Аксанов присел напротив, взял со стола листок бумаги и, пока Федор дописывал, набросал карандашом его портрет, а снизу приписал:
«Редактор «Краснознаменца» в минуту вдохновения».
Светаев закончил и, держа несколько исписанных листков в руке, потряс ими в воздухе.
— Письмище Горькому сотворил…
— Портретище намалевал, — в тон ему ответил Андрей и передал рисунок.
— Здорово-о схватил. Конфискую на память…
— Читай, — дружелюбно заметил Аксанов, заинтересовавшийся таким необычайным письмом.
Светаев навалился спиной на деревянный поскрипывающий реал с наборными кассами. От переносья на его широкий лоб взметнулась острая морщинка. Федор стал читать:
«Дорогой Алексей Максимович!
Это письмо, конечно, для Вас не будет неожиданным, Вы их ежедневно получаете сотнями со всех концов страны от людей, которые любят Ваши книги и ценят Ваш талант.
Не удержусь и я от похвалы, скажу: читая Ваши произведения, отдыхаешь и учишься.

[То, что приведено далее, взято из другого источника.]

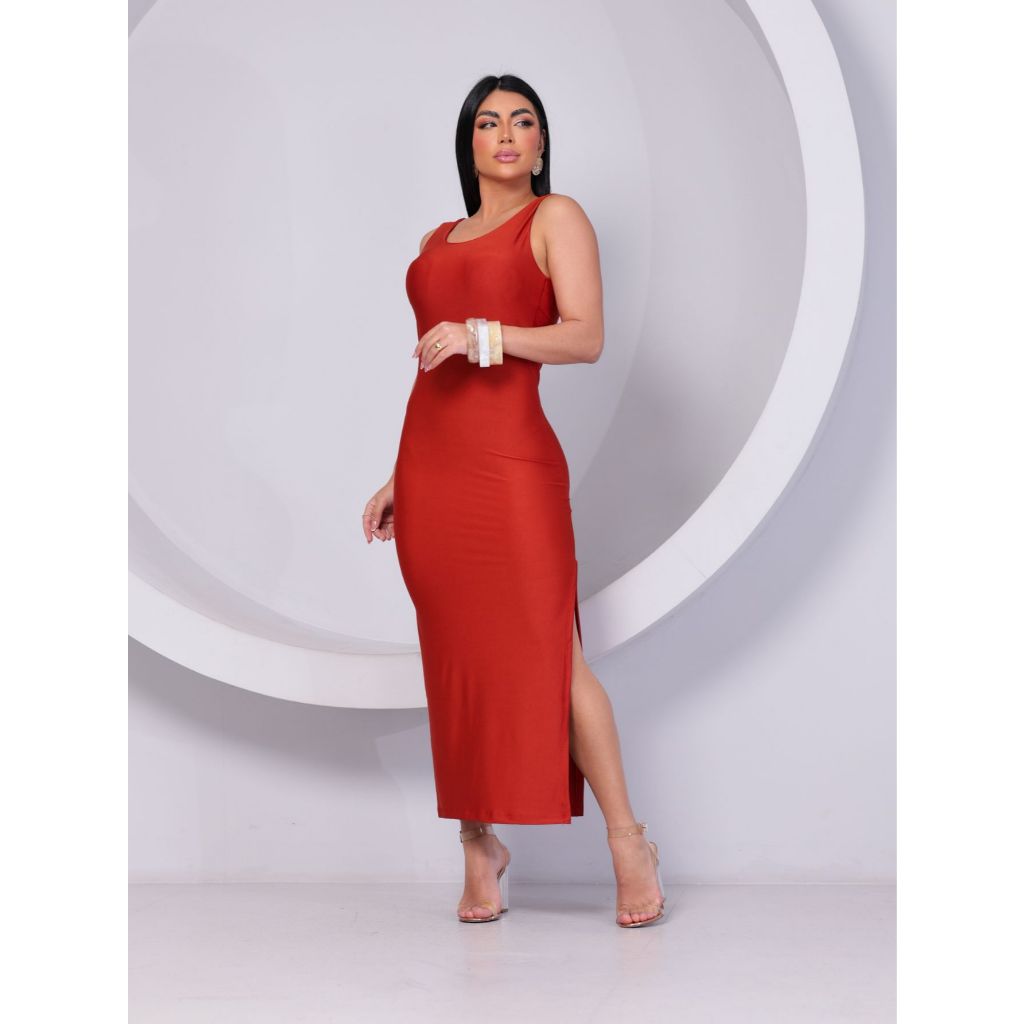 VESTIDO FEMININO MIDI REGATA FENDA LATERAL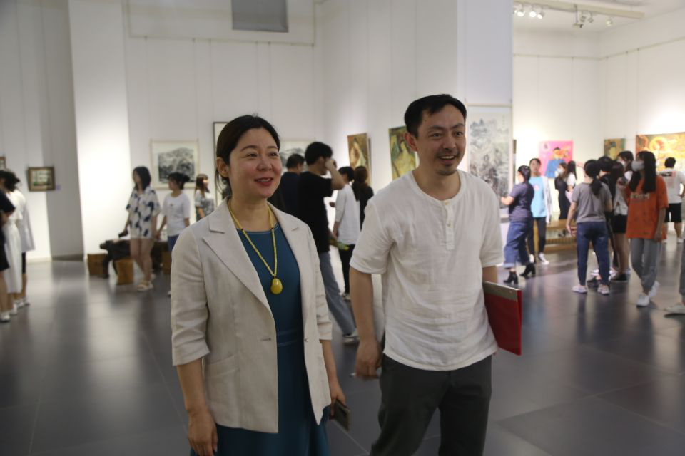 6月8日上午,“庆祝建党100周年暨‘浓墨•重彩’2021届绘画类毕业作品展”在太阳集团洪昌美术馆开幕。校党委书记云电军,校党委副书记、校长张占平在展览签名墙上签名留念。原沧州市委常委、政法委书记周爱民,沧州市文联副主席、中国画写意研究会会长王君,沧州市美协副主席、华北理工大学课外实践研究生导师、客座教授王春周,校科研督导委员张拥霞,美术学院相关负责人出席活动。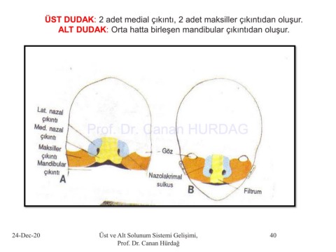 ÜST DUDAK: 2 adet medial çıkıntı, 2 adet maksiller çıkıntıdan oluşur. ALT DUDAK: Orta hatta birleşen mandibular çıkıntıdan oluşur. Prof. Dr. Canan HURDAG 24-Dec-20 Üst ve Alt Solunum Sistemi Gelişimi, 40 Prof. Dr. Canan Hürdağ
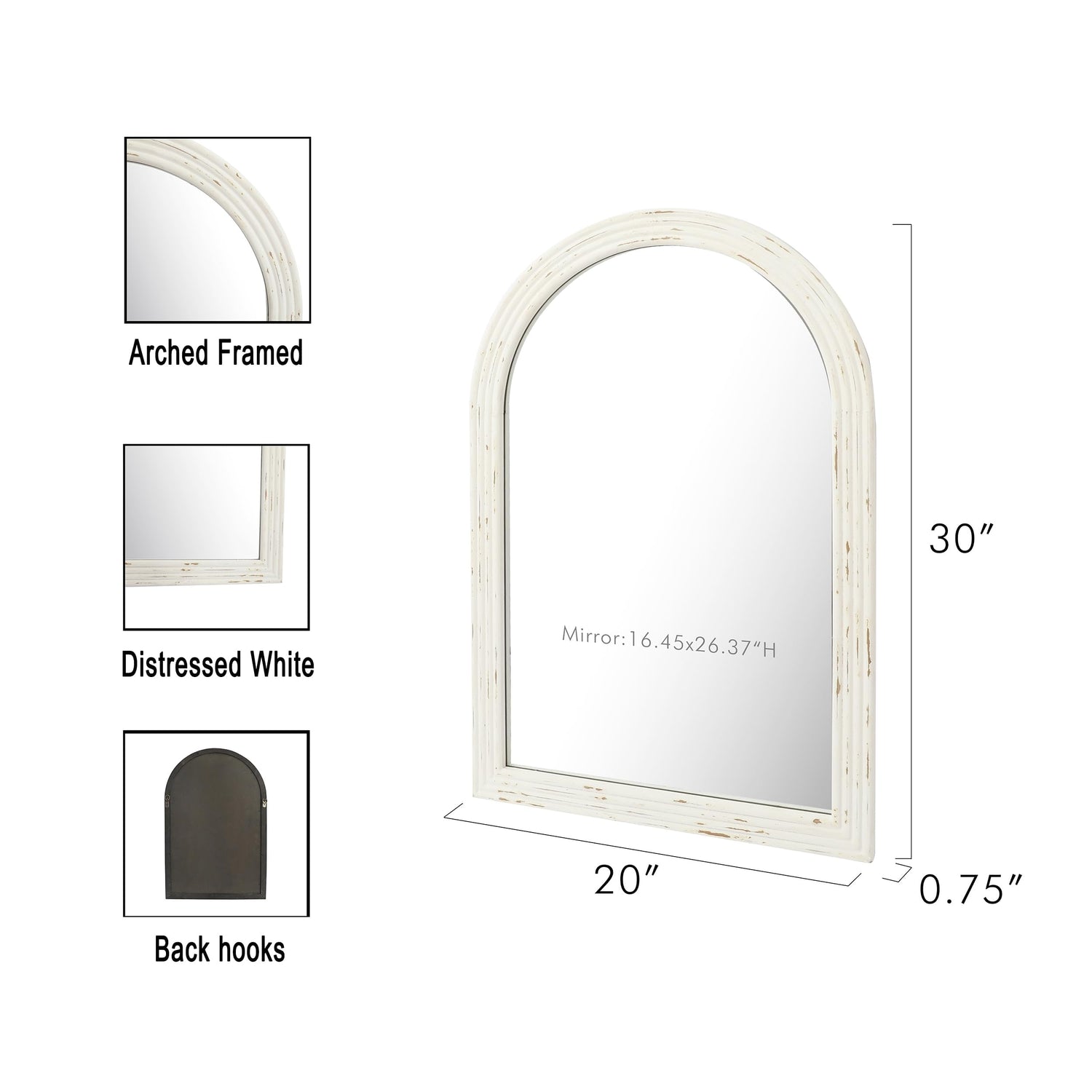 eodme Farmhouse Arched Wall Mirror, White Distressed Wood Mirror, Decorative Mirror for Bathroom Living Room Bedroom Entryway, 20''×30''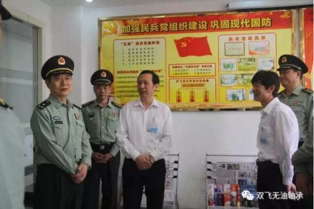 2017年5月19日下午,省委常委、省軍區(qū)政委王新海一行來我司視察指導(dǎo)基層精準抓建工作。王政委一行參觀了雙飛公司企業(yè)文化和人武部的戰(zhàn)備器材庫、人武部辦公室、黨員活動室、民兵活動室等場所。王政委對雙飛公司重時企業(yè)文化,把人武部工作與企業(yè)文化結(jié)合起來,進行思想教育工作非常滿意,他強調(diào):雙飛公司人武部建設(shè)要通過不停的學(xué)習(xí)來提高民兵的責(zé)任意識,要讓每個民兵都知道保家衛(wèi)國,服從指揮是民兵的義務(wù)。要通過多種形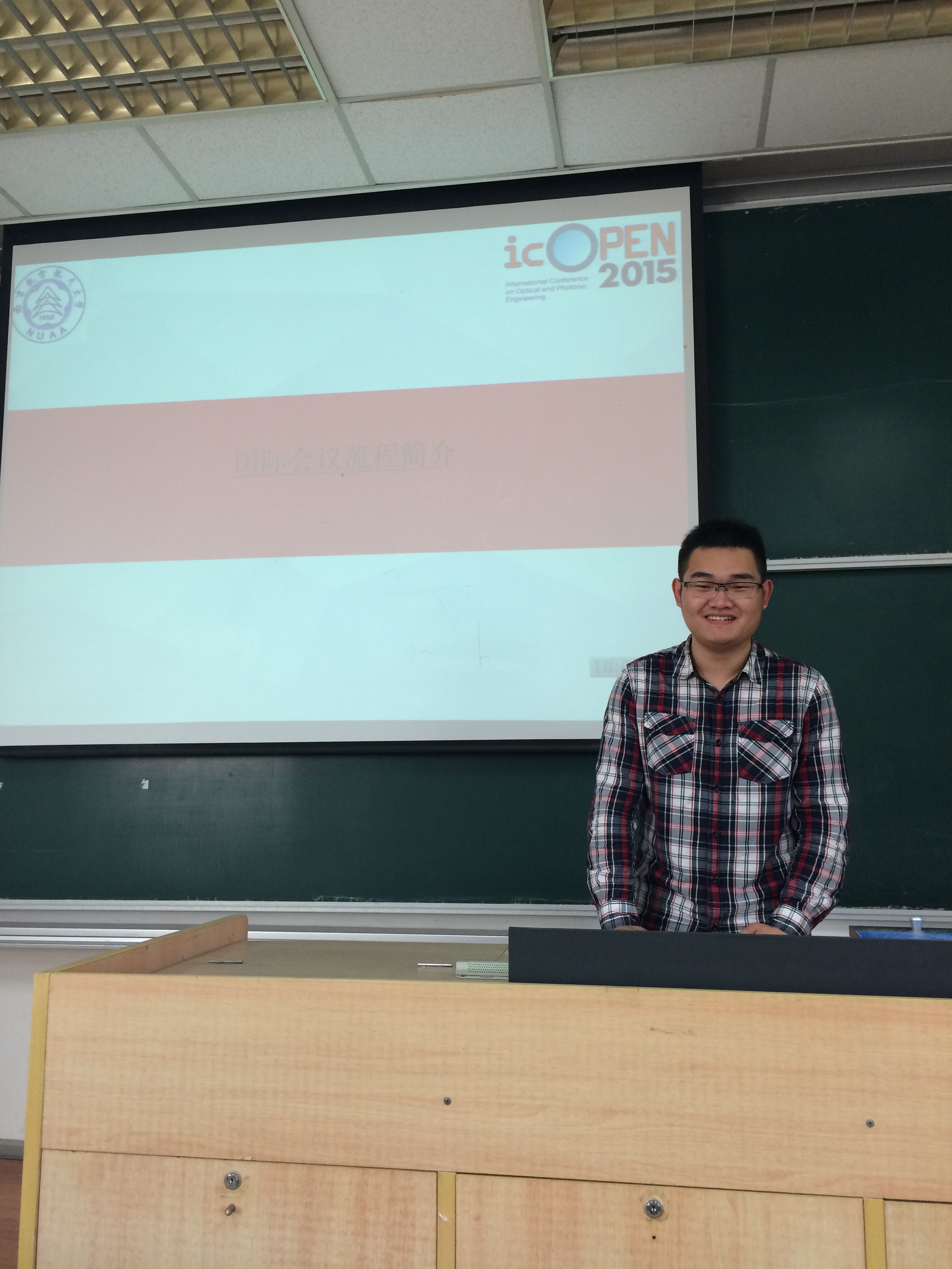 活动伊始,主持人王祥介绍了此次微沙龙的受邀嘉宾柳树林同学。柳树林同学是午夜巴黎 2014级硕士研究生,刚刚在新加坡参加完国际光学与光子学工程会议。该会议在国际上具有较强影响力,参与者以教授学者和博士居多,柳树林同学以硕士研究生的身份参加该会议,收获很大。此次邀请也是希望柳树林同学能够分享他参加国际会议的经验。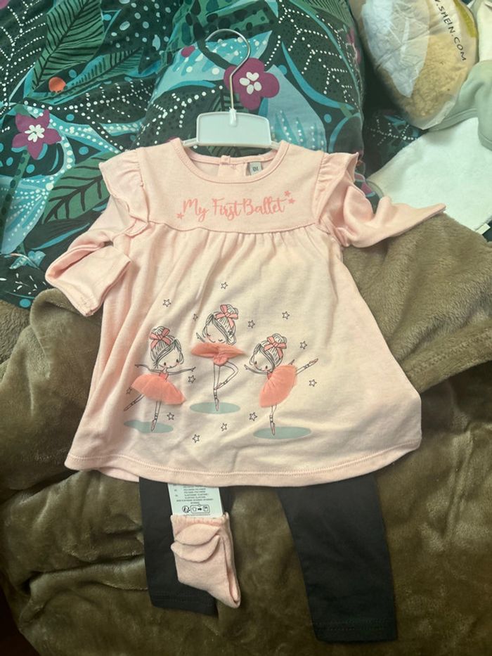 À vendre, jolie tenue pour bébé fille, en taille six mois, composé d’une tunique d’un leggins et d’une paire de chaussettes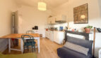 L’appartement, de 47 m², dispose d’un salon lumineux avec une cuisine ouverte entièrement équipée. Il comprend une première chambre spacieuse avec un grand placard mural ainsi qu’une deuxième chambre un peu plus petite pouvant faire office de chambre ou de bureau. Une salle d’eau et des WC séparés complètent le logement.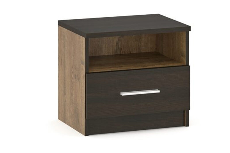 Moderný spálňový nábytok VALENTÍNA poskytne to pravé útočisko od všedných povinností a starostí. Svojou farebnou kombináciou dub april s tmavým kontrastom wenge, zabezpečí nadčasovosť a štýlovosť. Sektor zahŕňa dostatok komponentov, vďaka ktorým si vytvoríte výnimočnú spálňu plnú pohodlia.Súčasťou spálne je set dvoch nočných stolíkov VALENTÍNA. Stolíky sú vyrobené z veľmi kvalitnej LTD dosky, ktorá sa ľahko udržiava. Stolíky majú jeden šuplík a otvorenú policu. Šuplík je ozvláštnený o elegantnú úchytku striebornej farby. Farba stolíkov je dub april/wenge.Rozmery:- šírka: 50,2 cm,- výška: 45,6 cm,- hĺbka: 37,2 cm.Dodávame v demonte, pričom montáž je veľmi jednoduchá.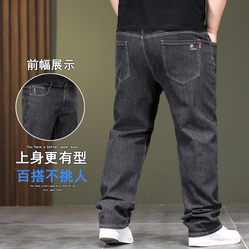 6332 | Celana panjang ukuran Plus pria, jeans longgar anti-pudar, celana panjang regang anti-statis musim semi dan panas baru semua cocok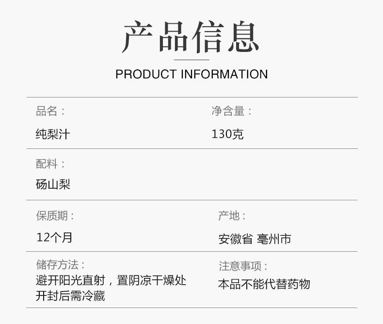 商品名称:【7斤梨熬一支】御药济仁 纯梨汁130g/支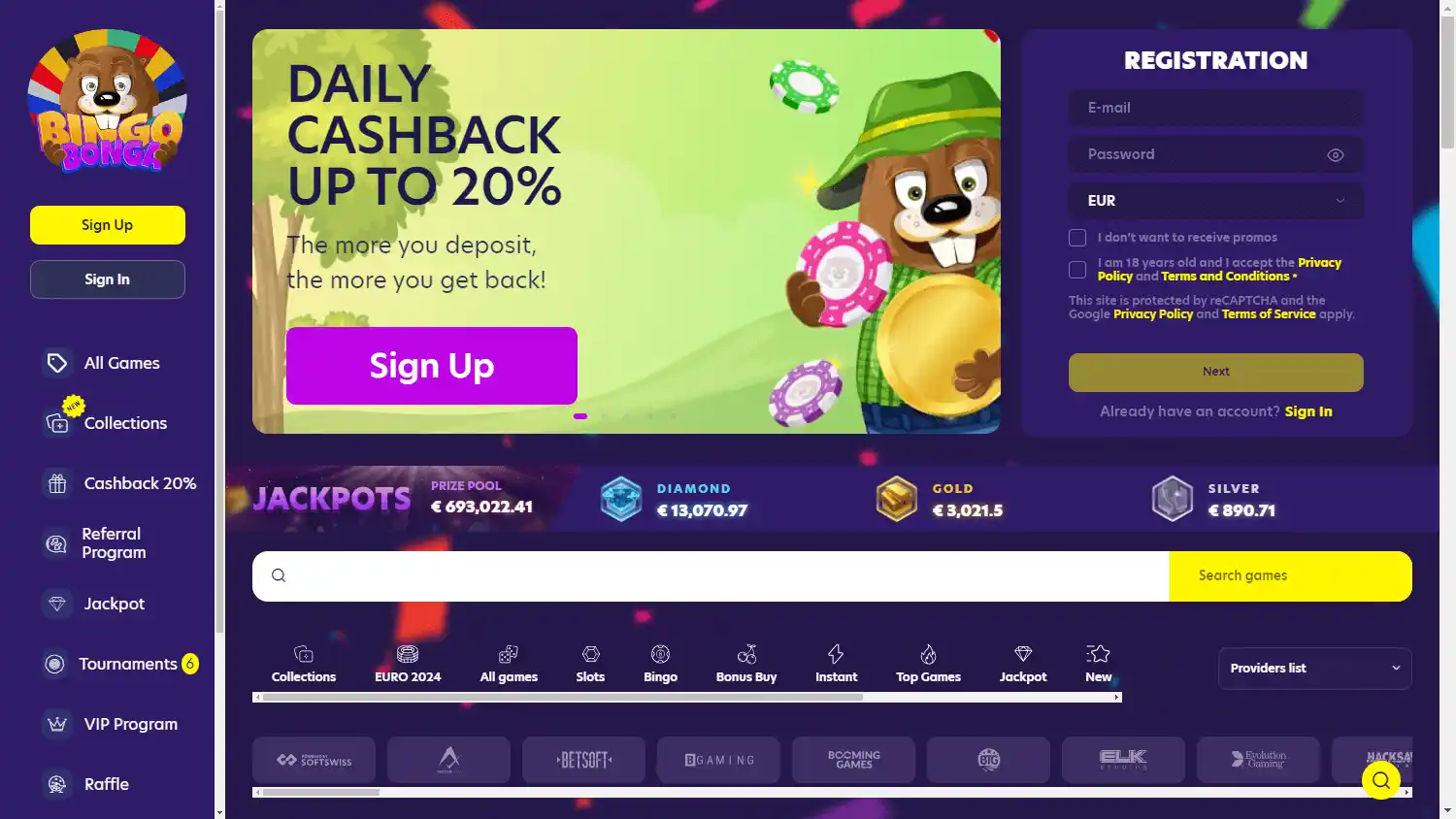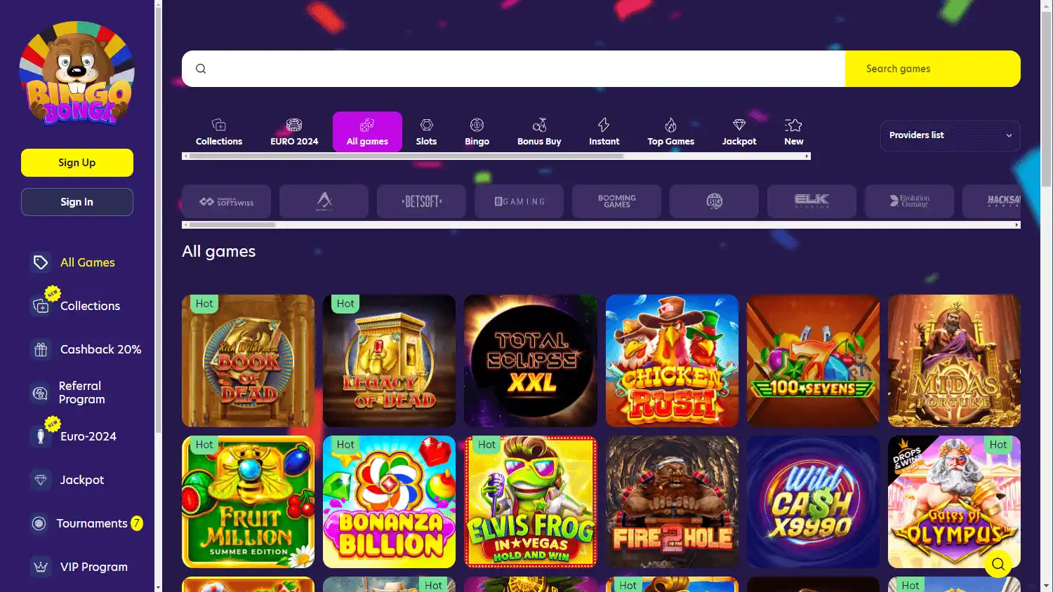 — Jogos: Slots, roleta, blackjack, baccarat, jogos ao vivo e mais de 80 provedores

Не знаю, думали ли Вы когда-нибудь, что по Вашим книгам будут познавать жизнь.
Я, командир Красной Армии, после окончания школы одногодичников остался в кадрах РККА. Сейчас я несу службу на боевом посту в прославленной ОКДВА. Работаю так, что не вижу, как летит время. Рядом со мной несут службу десятки других командиров и политработников, оберегая спокойствие на дальневосточных рубежах.
И вот, когда мы, — продолжал читать Светаев, — выкраиваем кусочек свободного времени и вечерком читаем Ваши книги, то спорим и говорим без конца о Вас, Алексей Максимович.
Помните Ваше коротенькое открытое письмо бойцам Красной Армии? Вы обращались к новому пополнению — молодым красноармейцам, призванным служить в РККА. Это письмо читалось во всех ротах и взводах. Сколько бы Вы могли написать поучительного о жизни, какой мы живем здесь, на берегу Тихого океана, мы — часовые Востока, одного из таежных гарнизонов, созданных на пограничном побережье!
Мы днями будем отмечать пятилетие ОКДВА. У вас развернулась горячая подготовка к съезду писателей. Нетерпеливо ждем, о чем будут говорить на своем съезде авторы любимых нами книг. Хотелось бы одного, чтобы побольше было написано книг о нас, бойцах, командирах и политработниках Красной Армии, особенно об ОКДВА.
Будьте здоровы и спокойны. Знайте, мы бдительно охраняем социализм, в том числе и Ваш труд».
Федор положил письмо на стол.
— Ну, что скажешь?
— Посылай! — ответил Андрей. — Мастак ты, Федор, на такие дела.
— Пошлю теперь же, — с твердой убежденностью проговорил Светаев. — Писалось от души, — и спросил: — Что забрел ко мне в такой час?
— Потянуло на огонек. Беседовал с военкорами роты, а днем имел жаркий разговор с твоей женой.
— Ну-у? — протянул Федор. — О чем же?